BEGIN Source material
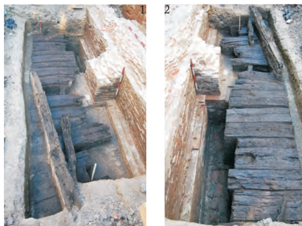
Fig. 7. Vederi asupra „podului de lemn” și a zidului Curții domnești (1 – vedere de la V la E; 2 – vedere de la E la V).

spre nord, în raport cu elevația, cu 30 cm, spre est cu 15 cm și aproape deloc (2 cm) spre vest, formând o treaptă la nivelul plintei zidului de incintă. Contrafortul este țesut la nivelul elevației și al fundației cu zidul de incintă al curții domnești. Zidul a suferit refaceri majore în timpul lui Constantin Brâncoveanu. La nord de zidul curții domnești, la o distanță de aproximativ 0,50 m și la o adâncime de 1,60 m față de nivelul actual, a fost surprinsă o porțiune importantă și bine conservată a străzii de lemn. Segmentele de podire cu lemn identificate în cursul săpăturilor indică faptul că strada actuală și-a păstrat traseul vechi, paralel cu zidul de incintă. Strada de lemn era realizată din scânduri cu următoarele dimensiuni: 30-40 cm lățime, 6 cm grosime și o lungime păstrată de cca 1,30-1,40 m. Scândurile erau fixate pe o bârnă, dispusă paralel cu axul lung al străzii, de cca. 10 cm lățime și 10 cm grosime. Fixarea lor era realizată prin cuie din lemn, cu diametrul de cca. 3 cm. Pe scândura nr. 3 (numerotarea începe din capătul estic) se observă un lăcaș (scobitură), de formă circulară cu diametrul de \pm 16 cm a cărei destinație este necunoscută, posibil de la un stâlp. Bârna pe care sunt fixate scândurile era la rândul ei așezată peste mai multe bârne mai scurte, dispuse și ele perpendicular pe axul străzii. E de remarcat că acestea din urmă erau nefinisate, multe dintre ele păstrând coaja pe ele.
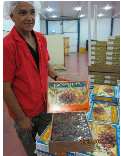
Stolt arbeider viser produksjonen.

La oss tenke litt friere: Hvorfor boikotte Jordan-dadlene når for eksempel dadlene fra Algerie går fri? Der stenges kirker og kristne forfølges. I England snakkes det om å forby offentlige vedtak for boikott. Må vi få en Boris Johnsen i Norge for å sette en stopper for BDS? Det er trist å konstatere at flere av våre fremste politikere spiller et dobbeltspill: på den ene siden gjerne kan avsette penger til utredning av antisemittismen, men også boikotter israelske foretak som fremmer hjelp og samarbeid med de av araberne som er latt i stikken.
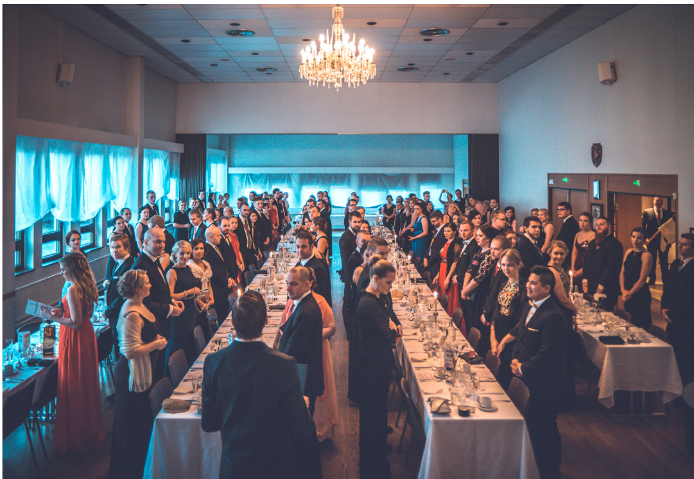
Tunnelmaa, kuohuvaa, puheita ja juhlavieraita vuoden 2017 vuosijuhlilla.

Vuosijuhlat koostuvat muun muassa loistavasta juhlatunnelmasta, kolmen ruokalajin illallisesta, laulamisesta, juhlapuheista ja tietenkin ihanista iltapuvuista ja kampauksista tai vastaavasti komeista puvuista ja kiiltävistä kengistä. Itse Vuosijuhlien jälkeen on luvassa jatkot Leipätehtaalla, joten juhlinta jatkuu aamuun asti! Vuosijuhlien jälkeinen päivä vietetään Silliksen eli "silliamiaisen" merkeissä ja sehän tarkoittaakin sitä, että kerrankin saa tulla valmiiseen pöytään nauttimaan krapparuoasta ja tietenkin loistavasta seurasta! Koko kokonaisuus kuulostaa houkuttevalta, eikö vain?
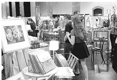
Kreative Fülle so weit das Auge reicht, bietet die Kunsthandwerkmesse "KreARTiv".

Im Mittelpunkt steht das Unikat, das unverwechselbare Einzelstück. Material und Technik werden in enormer Vielfalt gezeigt: Holz-, Glas-, Papier-, Metall- und Textilkunst, Leder, Taschen,
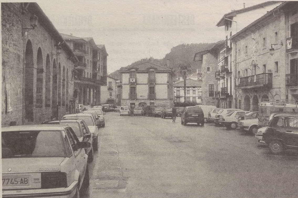
Tokiko Agenda 21 proiektuan udalerritaren garapen iraunkorraren oinarriak ezarri behar dituzte.

Prospektiker aholkularitza zerbitzuak kudeatzen ditu Antzuolako foro edo batzarrak eta
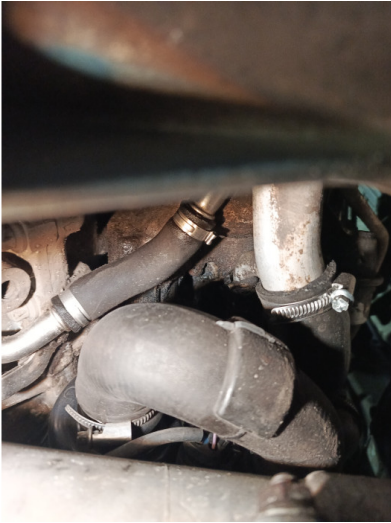
Течь соединений переднего редуктора
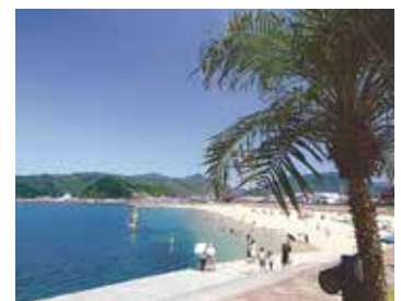
すさみ町のビーチ

☎ 市・すさみ町都市提携連絡協議会事務局 (市市民活動振興室内、☎825・2120)
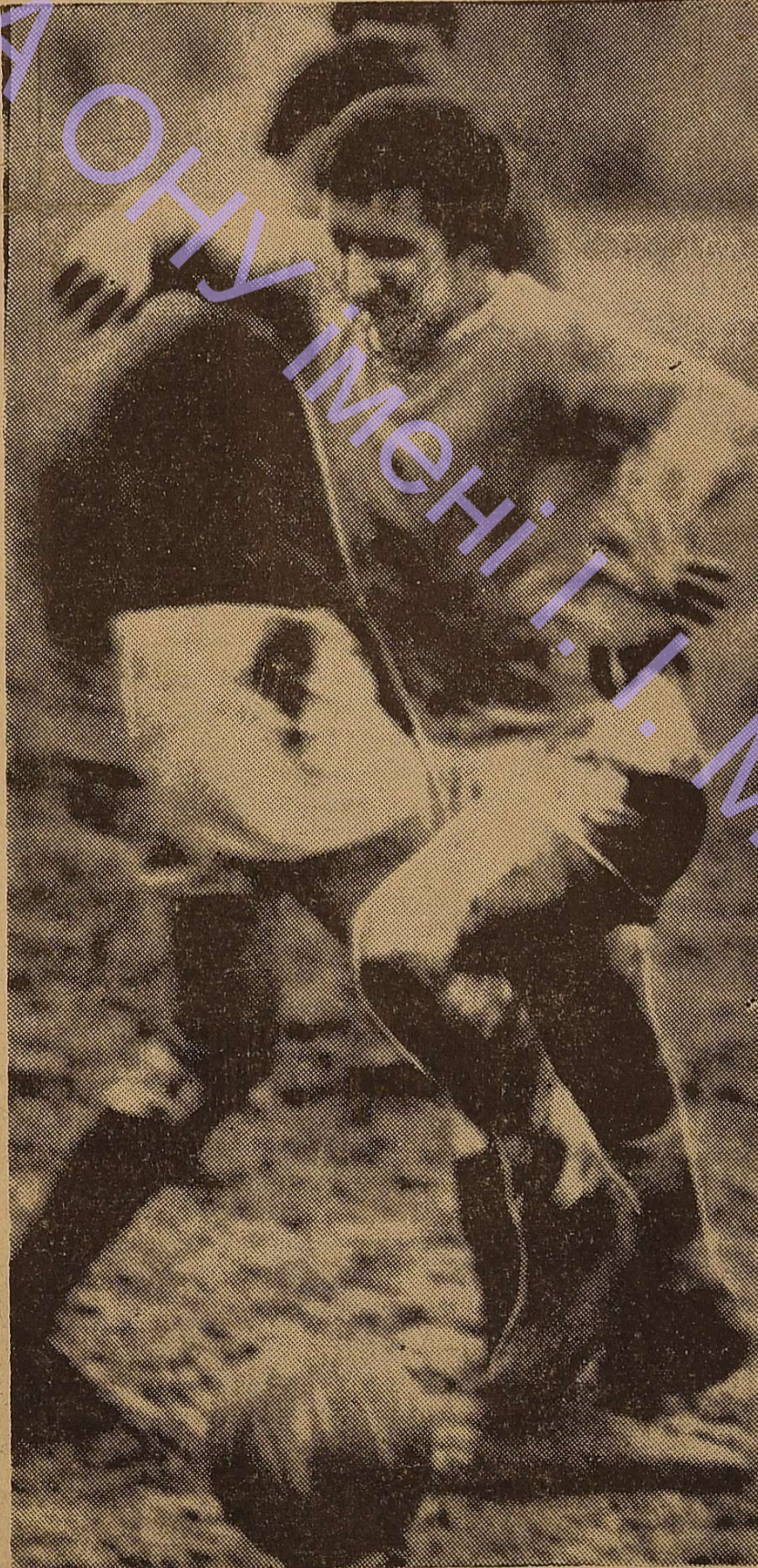
НА КОНКУРС СТУДЕНТСЬКІ БУДНІ.

Третій трудовий. Зліва — «Тут в туфлях не пройдеш», справа — «Прорив».
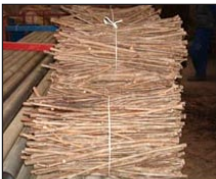
slika 2. reznice podloga

Reznice podloga vinove loze potrebno je skinuti iz matičnjaka u jesen nakon opadanja lišća jer je tada najveća koncentracija rezervne hranjive tvari u rozgvi, a i nema opasnosti od izmrzavanja ili isušivanja rozgve tijekom zime. Reznice se režu na oko 130 cm duljine, u proljeće se od svake reznice dobiju tri standardne reznice minimalno 30 cm. Na bazi reznice ostavi se dio internodija od 3 cm, a na gornjoj strani se reže u koso da ne bi došlo do zamjene polarnosti. Promjer reznica podloga za cijepljenje mjenog na sredini internodija mora biti minimalno za Vitis rupestris i njezne križance sa Vitis viniferom 6-12 mm, a za ostale vrste 6,5-12 mm.
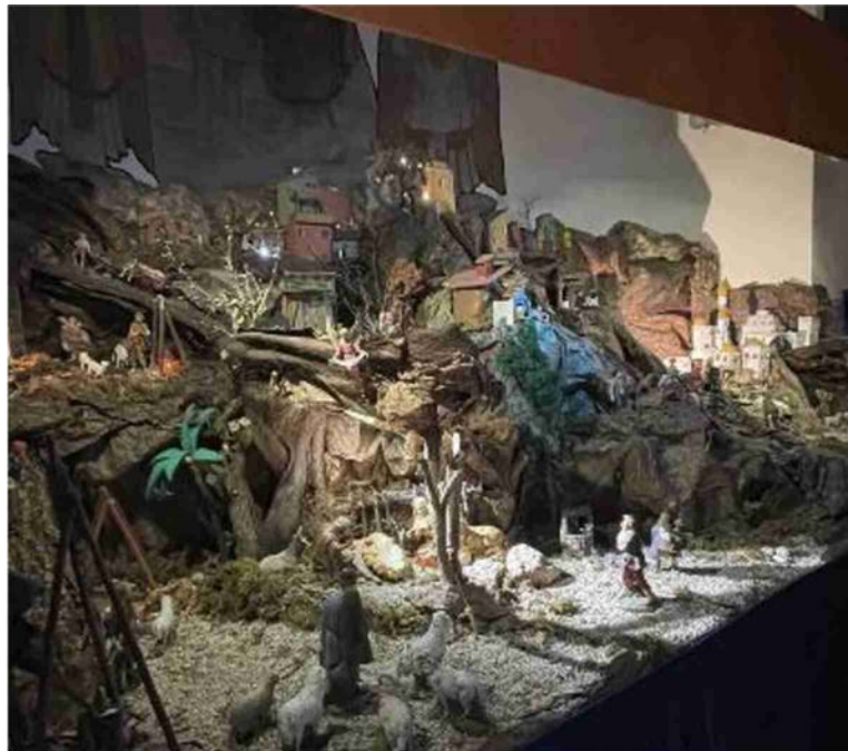
Le statuine del presepio che viene inaugurato questa mattina in via Bologna
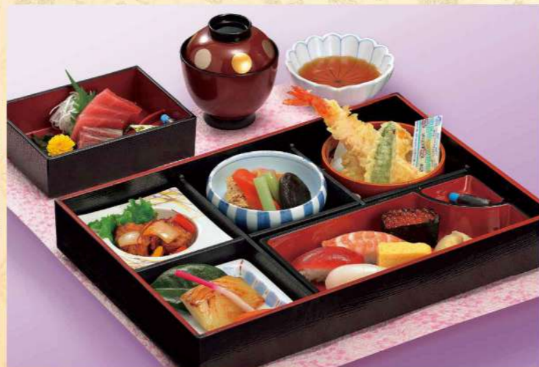
16C01 (26.5×36cm) 寿司松花堂・松 4,500円(税込4,860円)
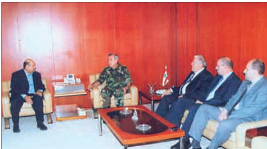
ISS+L> VAC TMAS-Ã ;r:WY{º°X
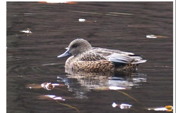
ヨシガモの雌 (カモ科)
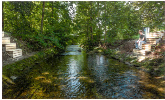
Unbekannte Räume entdecken: Sitzstufen am Wildbach.

Was genau macht diese Räume der Alltagserholung aus? Oft handelt es sich um beiläufig erscheinende, eher kleine Flächen: Eine Sitzbank an einem Aussichtspunkt, ein Weg durch eine ansprechende Topografie, Tisch und Bank unter einer markanten Baumgruppe, ein Denkmal, das an die Geschichte eines Orts erinnert – meist reicht wenig, um Erholungsuchenden eine Auszeit vom Alltag zu ermöglichen. Das wichtigste Merkmal der Räume ist ihre Unbestimmtheit: Sie bieten keine Freizeitbeschäftigung an, indem sie ihre Besucher mit einem nutzungsorientierten Angebot vom Alltag ablenken. Vielmehr ermöglichen sie Entspannung, ohne Aktionen einzufordern.
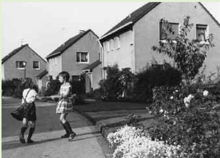
Lauritz Lauritzen Bundeswohnungsbauminister, 1966–1972

Unter modifizierten Kriterien und dem entsprechenden neuen Titel „Familienwohnung und Familienheim“ wurde dieser Wettbewerb auch für die Jahre 1980/81 und 1983/84 vom Bundesbauminister ausgeschrieben. Das Ziel war, zunächst zu zeigen, wie Mehrfamilienhäuser und Einfamilienhäuser in städtebaulichem Zusammenhang sinnvoll einander zugeordnet werden können. Der Wettbewerb danach hatte die Schwerpunkte „Mehrere Generationen unter einem Dach“ und „Jedes Haus prägt die Stadt mit“. Die Durchführung der Wettbewerbe oblag dem Verband und wurde von der Verbandszeitschrift „Familienheim und Garten“ ausführlich redaktionell begleitet.
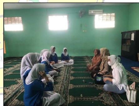
Gambar 5. Kegiatan Evaluasi Hasil Batik
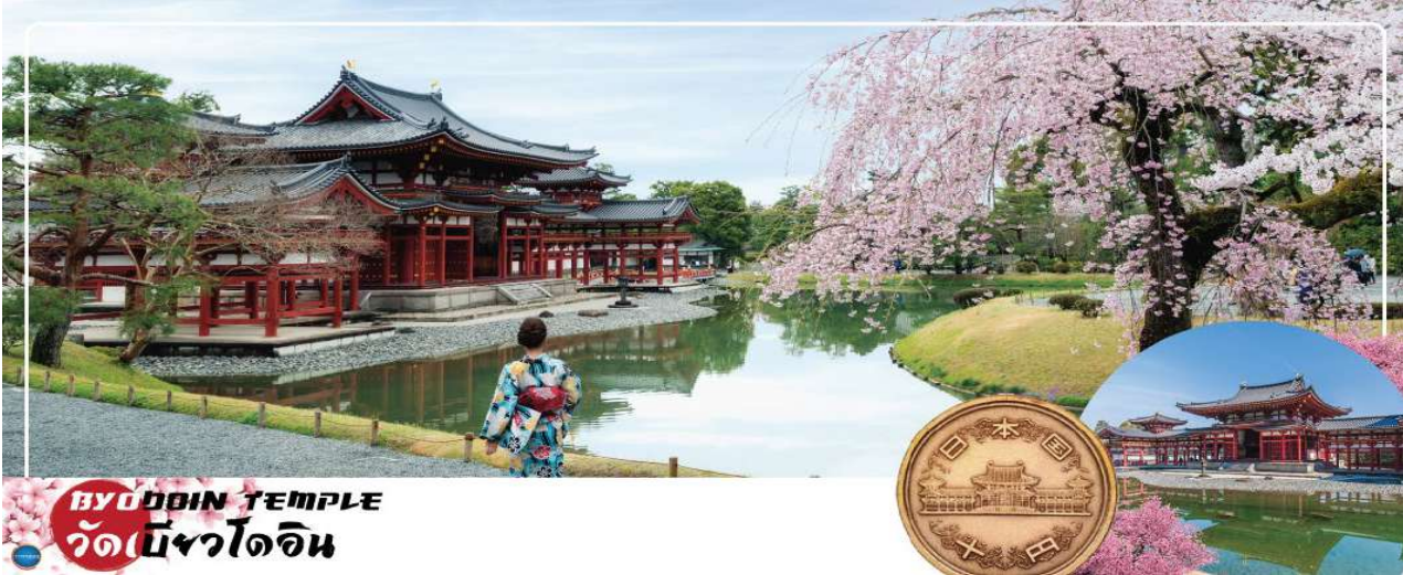
BYODOIN TEMPLE วัดเบียวโดอิน

วันที่สอง ท่าอากาศยานนานาชาติคันไซ โอซาก้า ประเทศญี่ปุ่น – เมืองเกียวโต – เมืองอุจิ – วัดเบียวโดอิน (จุดชมซากุระขึ้นกับภูมิอากาศ) – ถนนเบียวโดอิน โอโมเตะซันโด (ถนนชาเขียว) – สะพานอุจิ – เมืองนาโกย่า – ซุปป์ิ้งย่านซาคาเอะ
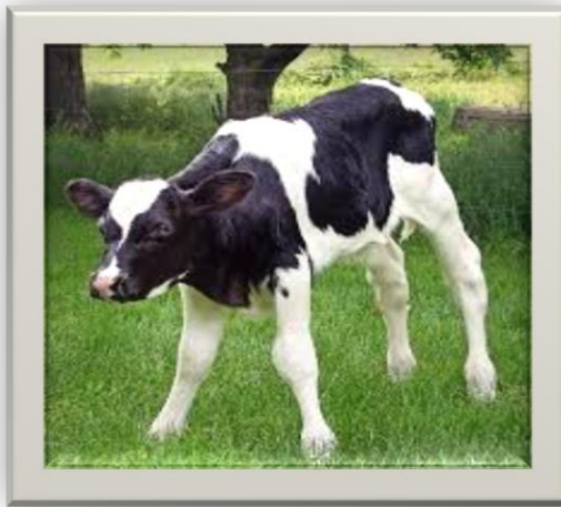
Slika 2. Tele Holstein pasmine (Rohaček, 2019.)

Na Obiteljskom poljoprivrednom gospodratsvu Cerančević, Holstein u prosjeku daje od 7000-8000 l mlijek godišnje.
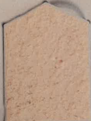
SABLE D'ATHÈNES J.39
END Source material
| Work task |
Would you restate the listing word for word and leave every picture out?

| Task solution |
Fig. 7. Vederi asupra „podului de lemn” și a zidului Curții domnești (1 – vedere de la V la E; 2 – vedere de la E la V).

spre nord, în raport cu elevația, cu 30 cm, spre est cu 15 cm și aproape deloc (2 cm) spre vest, formând o treaptă la nivelul plintei zidului de incintă. Contrafortul este țesut la nivelul elevației și al fundației cu zidul de incintă al curții domnești. Zidul a suferit refaceri majore în timpul lui Constantin Brâncoveanu. La nord de zidul curții domnești, la o distanță de aproximativ 0,50 m și la o adâncime de 1,60 m față de nivelul actual, a fost surprinsă o porțiune importantă și bine conservată a străzii de lemn. Segmentele de podire cu lemn identificate în cursul săpăturilor indică faptul că strada actuală și-a păstrat traseul vechi, paralel cu zidul de incintă. Strada de lemn era realizată din scânduri cu următoarele dimensiuni: 30-40 cm lățime, 6 cm grosime și o lungime păstrată de cca 1,30-1,40 m. Scândurile erau fixate pe o bârnă, dispusă paralel cu axul lung al străzii, de cca. 10 cm lățime și 10 cm grosime. Fixarea lor era realizată prin cuie din lemn, cu diametrul de cca. 3 cm. Pe scândura nr. 3 (numerotarea începe din capătul estic) se observă un lăcaș (scobitură), de formă circulară cu diametrul de \pm 16 cm a cărei destinație este necunoscută, posibil de la un stâlp. Bârna pe care sunt fixate scândurile era la rândul ei așezată peste mai multe bârne mai scurte, dispuse și ele perpendicular pe axul străzii. E de remarcat că acestea din urmă erau nefinisate, multe dintre ele păstrând coaja pe ele.
Stolt arbeider viser produksjonen.

La oss tenke litt friere: Hvorfor boikotte Jordan-dadlene når for eksempel dadlene fra Algerie går fri? Der stenges kirker og kristne forfølges. I England snakkes det om å forby offentlige vedtak for boikott. Må vi få en Boris Johnsen i Norge for å sette en stopper for BDS? Det er trist å konstatere at flere av våre fremste politikere spiller et dobbeltspill: på den ene siden gjerne kan avsette penger til utredning av antisemittismen, men også boikotter israelske foretak som fremmer hjelp og samarbeid med de av araberne som er latt i stikken.
Tunnelmaa, kuohuvaa, puheita ja juhlavieraita vuoden 2017 vuosijuhlilla.

Vuosijuhlat koostuvat muun muassa loistavasta juhlatunnelmasta, kolmen ruokalajin illallisesta, laulamisesta, juhlapuheista ja tietenkin ihanista iltapuvuista ja kampauksista tai vastaavasti komeista puvuista ja kiiltävistä kengistä. Itse Vuosijuhlien jälkeen on luvassa jatkot Leipätehtaalla, joten juhlinta jatkuu aamuun asti! Vuosijuhlien jälkeinen päivä vietetään Silliksen eli "silliamiaisen" merkeissä ja sehän tarkoittaakin sitä, että kerrankin saa tulla valmiiseen pöytään nauttimaan krapparuoasta ja tietenkin loistavasta seurasta! Koko kokonaisuus kuulostaa houkuttevalta, eikö vain?
Kreative Fülle so weit das Auge reicht, bietet die Kunsthandwerkmesse "KreARTiv".

Im Mittelpunkt steht das Unikat, das unverwechselbare Einzelstück. Material und Technik werden in enormer Vielfalt gezeigt: Holz-, Glas-, Papier-, Metall- und Textilkunst, Leder, Taschen,
Tokiko Agenda 21 proiektuan udalerritaren garapen iraunkorraren oinarriak ezarri behar dituzte.

Prospektiker aholkularitza zerbitzuak kudeatzen ditu Antzuolako foro edo batzarrak eta
Течь соединений переднего редуктора
すさみ町のビーチ

☎ 市・すさみ町都市提携連絡協議会事務局 (市市民活動振興室内、☎825・2120)
НА КОНКУРС СТУДЕНТСЬКІ БУДНІ.

Третій трудовий. Зліва — «Тут в туфлях не пройдеш», справа — «Прорив».
slika 2. reznice podloga

Reznice podloga vinove loze potrebno je skinuti iz matičnjaka u jesen nakon opadanja lišća jer je tada najveća koncentracija rezervne hranjive tvari u rozgvi, a i nema opasnosti od izmrzavanja ili isušivanja rozgve tijekom zime. Reznice se režu na oko 130 cm duljine, u proljeće se od svake reznice dobiju tri standardne reznice minimalno 30 cm. Na bazi reznice ostavi se dio internodija od 3 cm, a na gornjoj strani se reže u koso da ne bi došlo do zamjene polarnosti. Promjer reznica podloga za cijepljenje mjenog na sredini internodija mora biti minimalno za Vitis rupestris i njezne križance sa Vitis viniferom 6-12 mm, a za ostale vrste 6,5-12 mm.
Le statuine del presepio che viene inaugurato questa mattina in via Bologna
16C01 (26.5×36cm) 寿司松花堂・松 4,500円(税込4,860円)
ISS+L> VAC TMAS-Ã ;r:WY{º°X
ヨシガモの雌 (カモ科)
Unbekannte Räume entdecken: Sitzstufen am Wildbach.

Was genau macht diese Räume der Alltagserholung aus? Oft handelt es sich um beiläufig erscheinende, eher kleine Flächen: Eine Sitzbank an einem Aussichtspunkt, ein Weg durch eine ansprechende Topografie, Tisch und Bank unter einer markanten Baumgruppe, ein Denkmal, das an die Geschichte eines Orts erinnert – meist reicht wenig, um Erholungsuchenden eine Auszeit vom Alltag zu ermöglichen. Das wichtigste Merkmal der Räume ist ihre Unbestimmtheit: Sie bieten keine Freizeitbeschäftigung an, indem sie ihre Besucher mit einem nutzungsorientierten Angebot vom Alltag ablenken. Vielmehr ermöglichen sie Entspannung, ohne Aktionen einzufordern.
Lauritz Lauritzen Bundeswohnungsbauminister, 1966–1972

Unter modifizierten Kriterien und dem entsprechenden neuen Titel „Familienwohnung und Familienheim“ wurde dieser Wettbewerb auch für die Jahre 1980/81 und 1983/84 vom Bundesbauminister ausgeschrieben. Das Ziel war, zunächst zu zeigen, wie Mehrfamilienhäuser und Einfamilienhäuser in städtebaulichem Zusammenhang sinnvoll einander zugeordnet werden können. Der Wettbewerb danach hatte die Schwerpunkte „Mehrere Generationen unter einem Dach“ und „Jedes Haus prägt die Stadt mit“. Die Durchführung der Wettbewerbe oblag dem Verband und wurde von der Verbandszeitschrift „Familienheim und Garten“ ausführlich redaktionell begleitet.
Gambar 5. Kegiatan Evaluasi Hasil Batik
BYODOIN TEMPLE วัดเบียวโดอิน

วันที่สอง ท่าอากาศยานนานาชาติคันไซ โอซาก้า ประเทศญี่ปุ่น – เมืองเกียวโต – เมืองอุจิ – วัดเบียวโดอิน (จุดชมซากุระขึ้นกับภูมิอากาศ) – ถนนเบียวโดอิน โอโมเตะซันโด (ถนนชาเขียว) – สะพานอุจิ – เมืองนาโกย่า – ซุปป์ิ้งย่านซาคาเอะ
Slika 2. Tele Holstein pasmine (Rohaček, 2019.)

Na Obiteljskom poljoprivrednom gospodratsvu Cerančević, Holstein u prosjeku daje od 7000-8000 l mlijek godišnje.
SABLE D'ATHÈNES J.39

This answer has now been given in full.